YOUR GOAL » Beginning with the line that holds "Medallion: Knights Templar.", copy each line to the end of the records exactly, except the pictures.

[Items from a dataset]
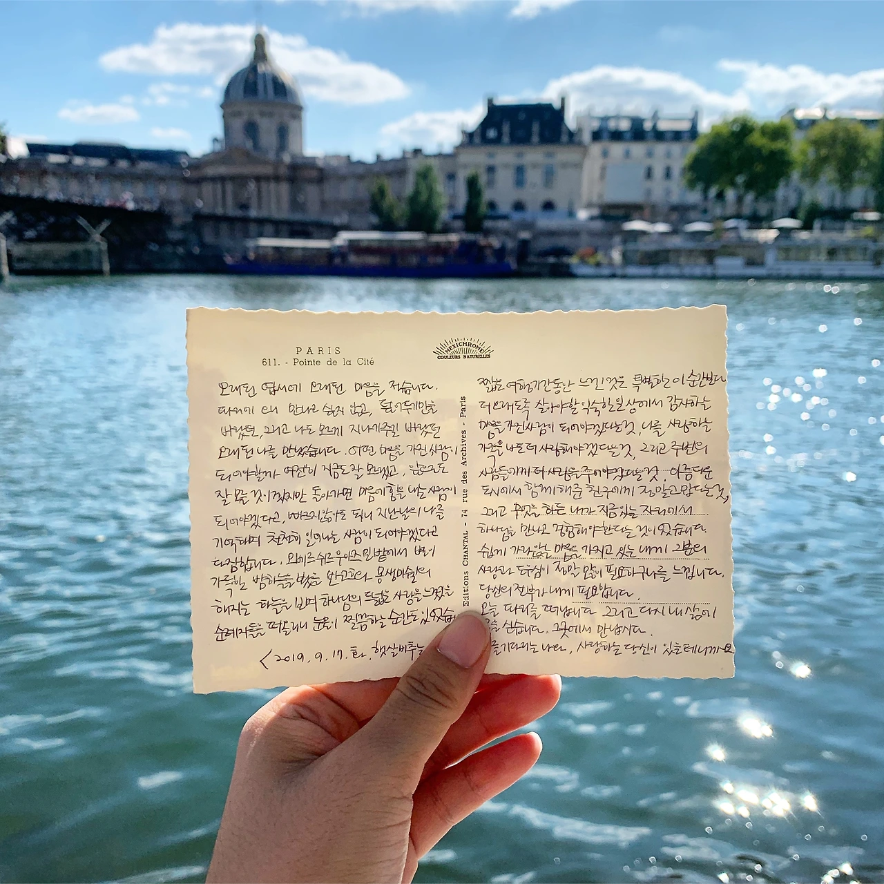 오래된 엽서에 오래된 마음을 적습니다. 파리에 오니 만나고 싶지 않고, 덮어두기만을 바랐던, 그리고 나도 모르게 지나가 주길 바랐던 오래된 나를 만났습니다. 어떤 마음을 가진 사람이 되어야 할까 여전히 지금도 잘 모르겠고 앞으로도 잘 모를 것이겠지만 돌아가면 마음에 힘을 내는 사람이 되어야겠다고, 빠르지 않아도 되니 지난날의 나를 기억하며 천천히 일어나는 사람이 되어야겠다고 다짐합니다.
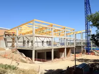 Las obras de construcción de la piscina cubierta de Alagón han culminado esta semana una de sus fases más significativas, finalizando los trabajos de estructura de hormigón y de estructura de madera laminada en cubierta.
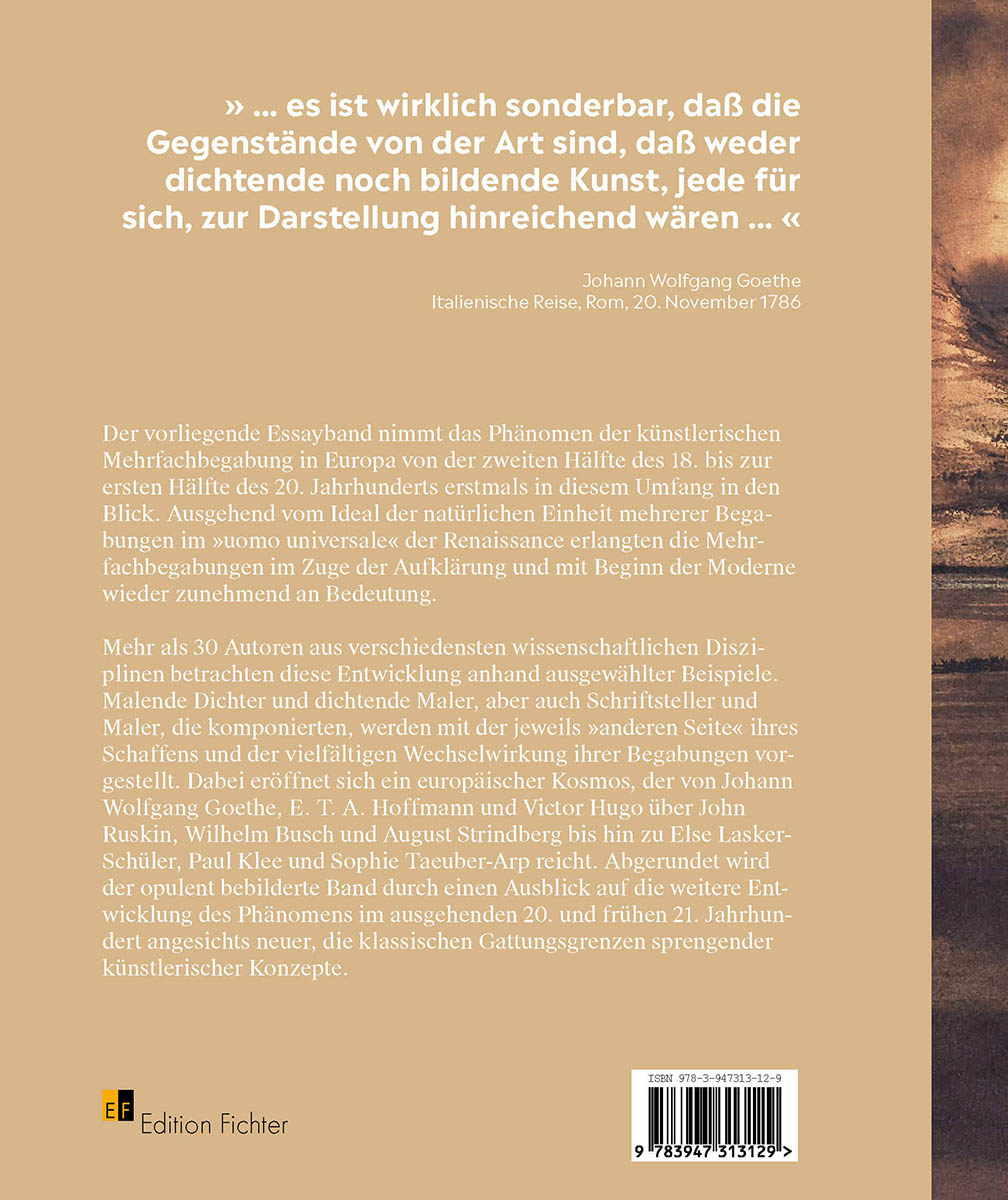 Der vorliegende Essayband nimmt das Phänomen der künstlerischen Mehrfachbegabung in Europa von der zweiten Hälfte des 18. bis zur ersten Hälfte des 20. Jahrhunderts erstmals in diesem Umfang in den Blick. Ausgehend vom Ideal der natürlichen Einheit mehrerer Begabungen im "uomo universale" der Renaissance erlangten die Mehrfachbegabungen im Zuge der Aufklärung und mit Beginn der Moderne wieder zunehmend an Bedeutung. Mehr als 30 Autoren aus verschiedensten wissenschaftlichen Disziplinen betrachten diese Entwicklung anhand ausgewählter Beispiele. Malende Dichter und dichtende Maler, aber auch Schriftsteller und Maler, die komponierten, werden mit der jeweils "anderen Seite" ihres Schaffens und der vielfältigen Wechselwirkung ihrer Begabungen vorgestellt. Dabei eröffnet sich ein europäischer Kosmos, der von Johann Wolfgang Goethe, E. T. A. Hoffmann und Victor Hugo über John Ruskin, Wilhelm Busch und August Strindberg bis hin zu Arnold Schönberg, Paul Klee und Sophie Taeuber-Arp reicht. Abgerundet wird der opulent bebilderte Band durch einen Ausblick auf die weitere Entwicklung des Phänomens im ausgehenden 20. und frühen 21. Jahrhundert angesichts neuer, die klassischen Gattungsgrenzen sprengender künstlerischer Konzepte.
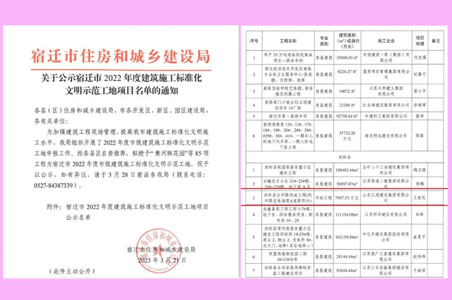 用心做好文明施工積極打造文明示范工地沭陽縣臺(tái)州路改造工程(道路部分)獲評(píng)標(biāo)準(zhǔn)化文明示范工地 3月21日,宿遷市住房和城鄉(xiāng)建設(shè)局公布了2022年度建筑施工標(biāo)準(zhǔn)化文明示范工地項(xiàng)目,集團(tuán)承建的沭陽縣臺(tái)州路改造工程(杭州路至珠海路)(道路部分)工程獲評(píng)。 2022上半年,工程曾榮獲江蘇省省級(jí)星級(jí)標(biāo)準(zhǔn)化安全文明工地。項(xiàng)目部始終貫徹落實(shí)集團(tuán)創(chuàng)優(yōu)工作,對(duì)安全文明工地進(jìn)行提前策劃,施工過程嚴(yán)格按照質(zhì)量標(biāo)準(zhǔn)管理,本次宿遷市建筑施工標(biāo)準(zhǔn)化文明示范工地申報(bào)工作,項(xiàng)目部及上級(jí)單位高度重視、提前組織、精心準(zhǔn)備,也充分展現(xiàn)了集團(tuán)安全文明施工的管理水平和企業(yè)文化。 接下來,項(xiàng)目部將堅(jiān)定不移地推行施工工藝標(biāo)
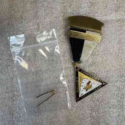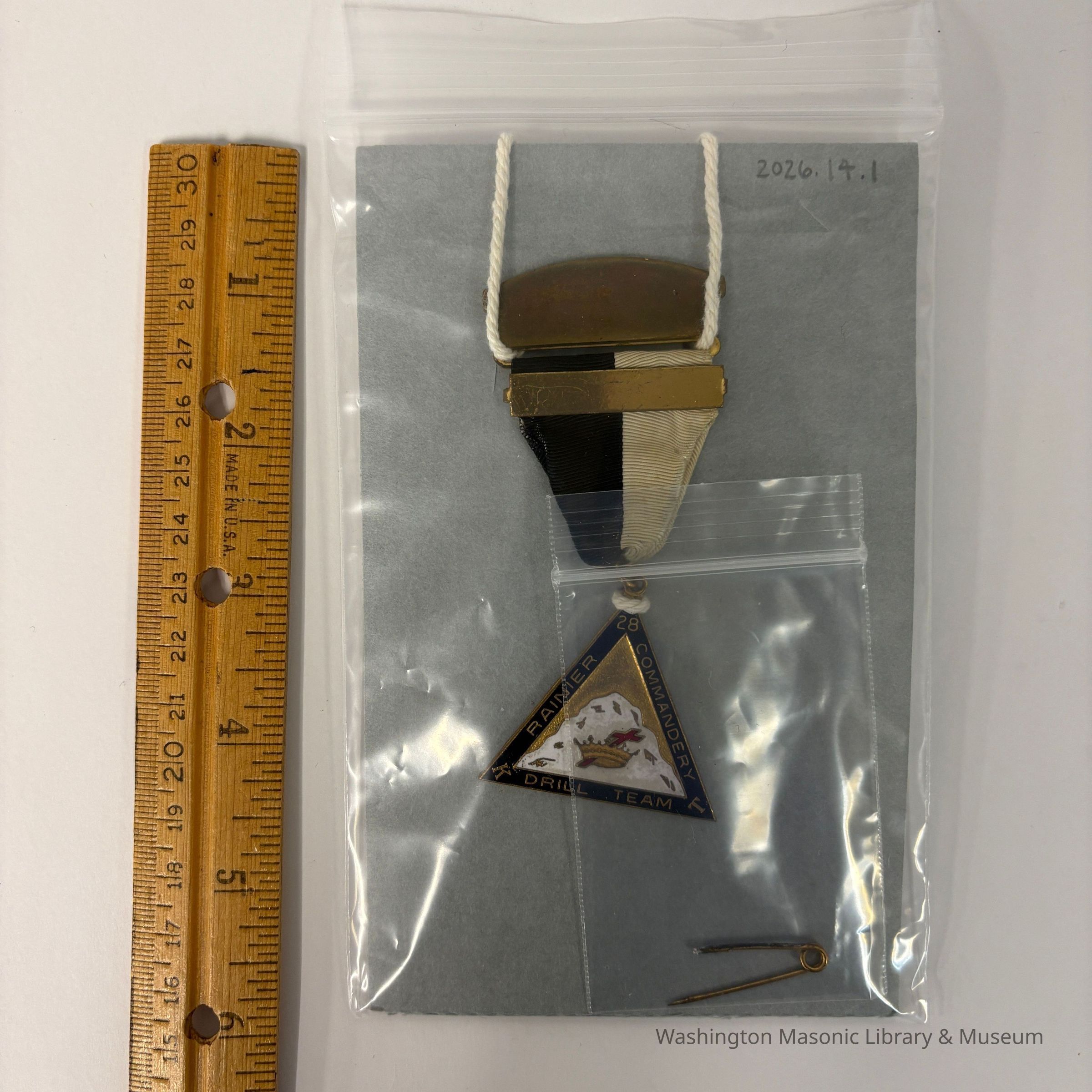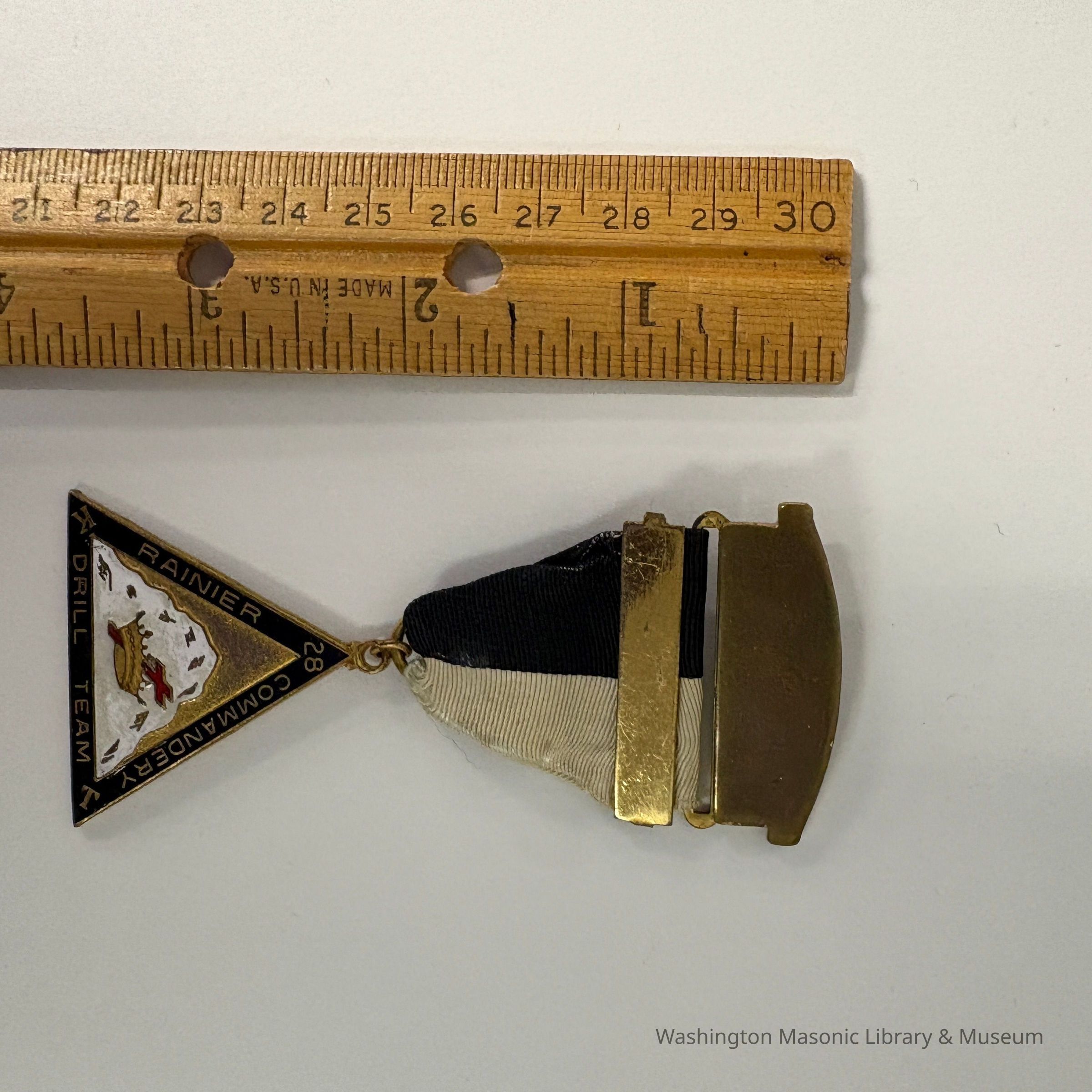 Medallion: Knights Templar. Black and white ribbon, triangular hanging ornament. Rainier Commandery No. 28 Drill Team.Collection
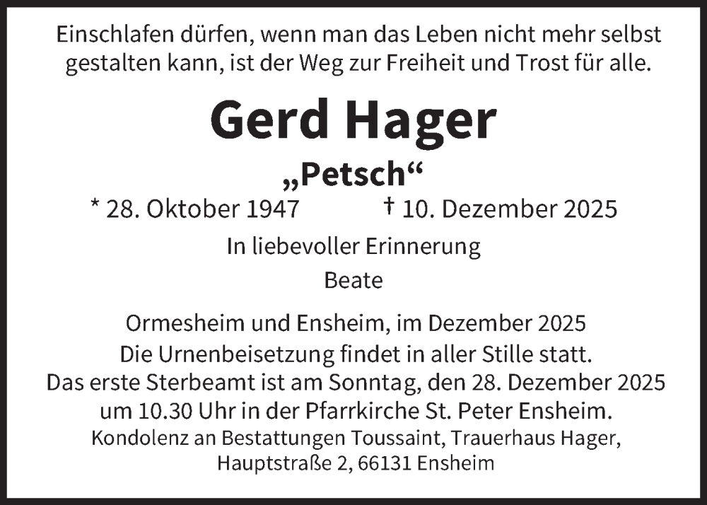 Hier finden Sie alle Traueranzeigen aus der Zeitung, die bisher für Gerd Hager erschienen sind. Weitere Traueranzeigen, die in der Zeitung erscheinen, werden hier ebenfalls aufgelistet
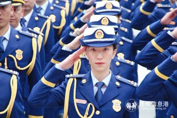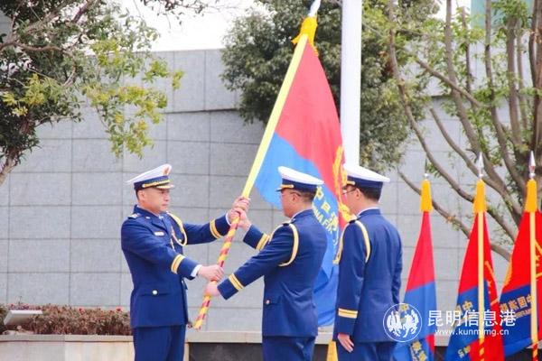 仪式现场,气氛庄重热烈。红色背景板上,“云南省消防总队授旗授衔和换装仪式”字样格外醒目。220余名身着火焰蓝新式制服的消防救援人员精神饱满,整齐列队。

SOLUTION »
 Medallion: Knights Templar. Black and white ribbon, triangular hanging ornament. Rainier Commandery No. 28 Drill Team.Collection
 Hier finden Sie alle Traueranzeigen aus der Zeitung, die bisher für Gerd Hager erschienen sind. Weitere Traueranzeigen, die in der Zeitung erscheinen, werden hier ebenfalls aufgelistet
 仪式现场,气氛庄重热烈。红色背景板上,“云南省消防总队授旗授衔和换装仪式”字样格外醒目。220余名身着火焰蓝新式制服的消防救援人员精神饱满,整齐列队。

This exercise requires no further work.